Teschner Kreis/Těšínský kraj c. 1844

The Duchy of Upper and Lower Silesia was originally divided into the two districts/'circles' (Kreise, kraje) of Teschen (Kreis Teschen/Teschner Kreis, Těšínský kraj, pop. 213,040 in 1847) and Troppau (Kreis Troppau/Troppauer Kreis, Opavský kraj, pop. 260,199) with its seat at Krnov. In eastern Teschen, the autonomous Duchy of Bielsko was established in 1754. From 1784 it was administered with Moravia (Moravia-Silesia), with its Kreise subordinate to the Moravo-Silesian Gubernium in Brünn. Following the Revolutions of 1848, Austrian Silesia was separated administratively from Moravia, its Kreise and the Duchy of Bielsko were disbanded and it was re-organised into political districts (Bezirke or Bezirkshauptmannschaften). The first division consisted of seven districts – Troppau, Freiwaldau, Jägerndorf, Freudenthal, Teschen, Friedek and Bielitz – which were each constituted from several judicial districts (Gerichtsbezirke).
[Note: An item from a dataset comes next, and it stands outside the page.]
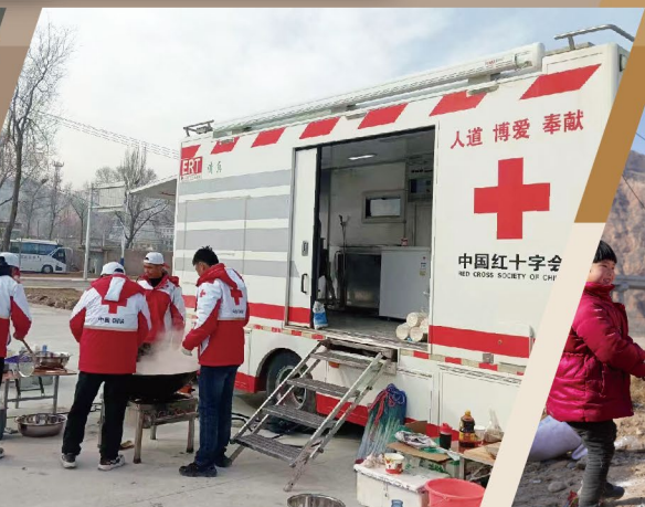
▲ 賑濟救援隊及供餐車趕赴災區，開展緊急供餐服務

In Bach's reforms of 1854 it was reorganised into 22 districts or Amtsbezirke (distinct from the political districts listed above, rather corresponding to the judicial districts (Gerichtsbezirke)) plus the statutory city of Troppau:

1. Jauernig (Javorník)
2. Weidenau (Vidnava)
3. Freiwaldau (Frývaldov)
4. Zuckmantel (Cukmantl)
5. Hotzenplotz (Osoblaha)
6. Olbersdorf (Město Albrechtice)
7. Jägerndorf (Krnov)
8. Freudenthal (Bruntál)
9. Benisch (Horní Benešov)
10. Troppau (Opava)
11. Wigstadtl (Vítkov)
12. Odrau (Odry)
13. Wagstadt (Bílovec)
14. Königsberg (Klimkovice)
15. Oderberg (Bohumín)
16. Friedeck (Frýdek)
17. Freistadt (Fryštát)
18. Teschen (Cieszyn/Těšín)
19. Jablunkau (Jablunkov)
20. Schwarzwasser (Černá Voda)
21. Skotschau (Skoczów/Skočov)
22. Bielitz (Bielsko).

These districts were grouped into five Bezirksämter ('district offices'):
- The Landesgericht in Troppau, covering the city and district of Troppau and the districts of Wigstadtl, Odrau, Wagstadt and Königsberg
- Jauernig: Jauernig, Weidenau, Freiwaldau and Zuckmantel districts
- Jägerndorf: Jägerndorf, Hotzeplotz, Olbersdorf, Benisch and Freudenthal districts
- Teschen: Teschen, Oderberg, Friedek, Freistadt and Jablunkau districts
- Bielitz: Bielitz, Schwarzwasser and Skotschau districts

Judicially the Landesgericht in Troppau and Kreisgericht in Teschen remained separate, each covering one of the two disconnected parts of the crown land.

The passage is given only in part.